Braconids are a type of parasitoid wasp.  They come in many different shapes, sizes and colours, but the thing they all have in common is that they spend their childhood inside another species!

Female Braconids inject their own eggs into the bodies of other insects.  In the clip above you can see that a braconid, which goes by the scientific name of Apanteles glomeratus, has laid its eggs inside the caterpillar of a large white butterfly.

It's believed that the eggs are coated in a virus which disables the host's immune system, allowing them to hatch, and the larvae to grow, without the host knowing.  The larvae feed on the insides of the living creature, cleverly avoiding the vital organs, thereby keeping their host alive.

When the Braconid larvae are fully grown they eat their way out of their host by chewing a small hole in the skin.  The wasp larvae wriggle out and pupate beside their host.

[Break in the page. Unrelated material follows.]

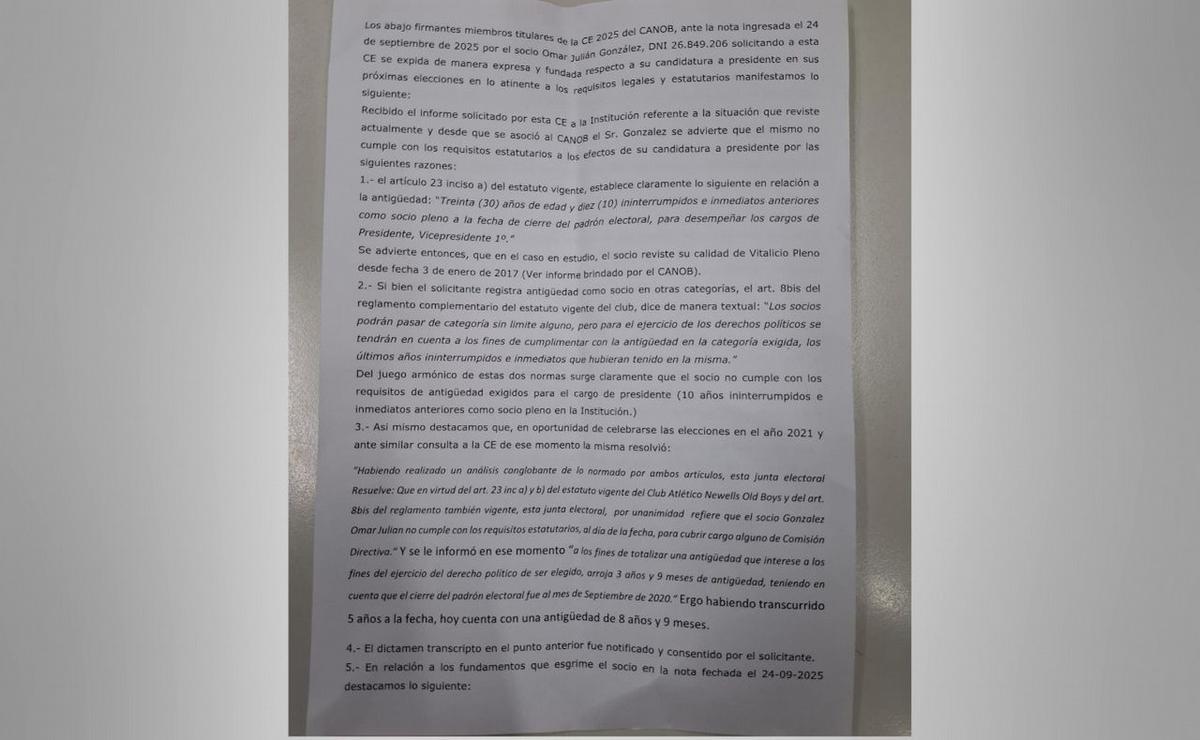 La Junta Electoral no habilitó al referente de Autoconvocados NOB, Julián González, para competir por la presidencia del club por contar "solo con 8 años y 9 meses, por debajo del mínimo exigido".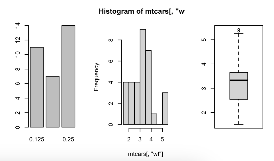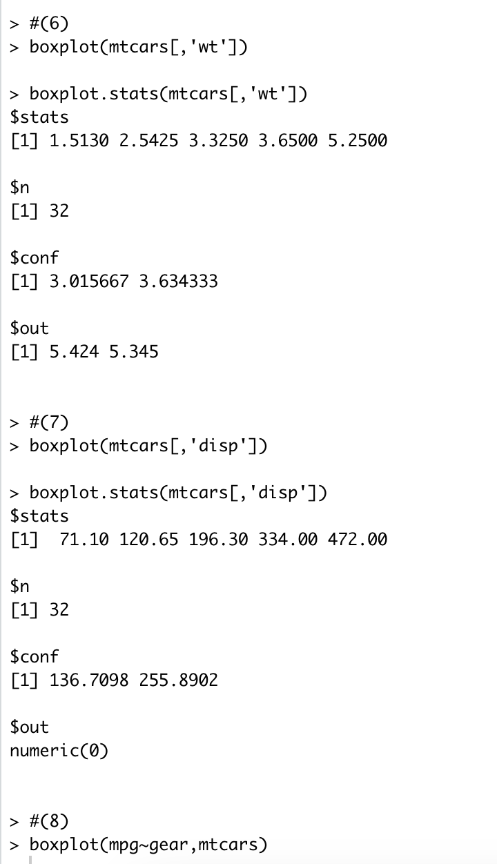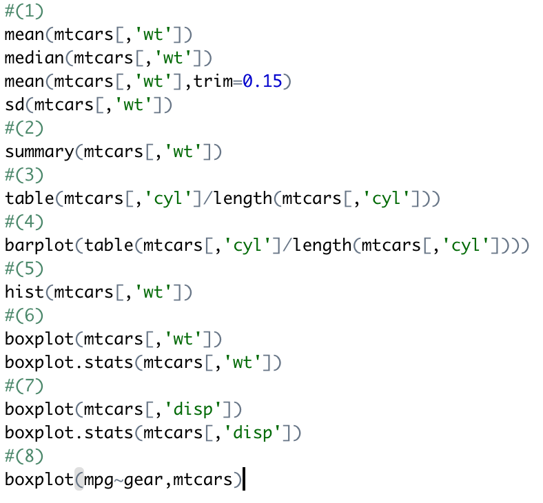 5. R에서 제공하는 mtcars 데이터셋에 대해 다음 문제를 해결하기 위한 R코드를 작성하시오.

You might think that after all this the unlucky host would just collapse and die.  Incredibly, the nightmare for the caterpillar is still not over.  As if in some zombie-like state, it spins a web of silk over the Braconid cocoons to protect them!

The developing cocoons are prone to attack by an even smaller species of parasitic wasp (hyperparasitoids) called Lysibia nanus.  To prevent this happening, the barely alive host caterpillar keeps watch over the developing parasitoids, flicking away intruders until the adult Braconid wasps emerge.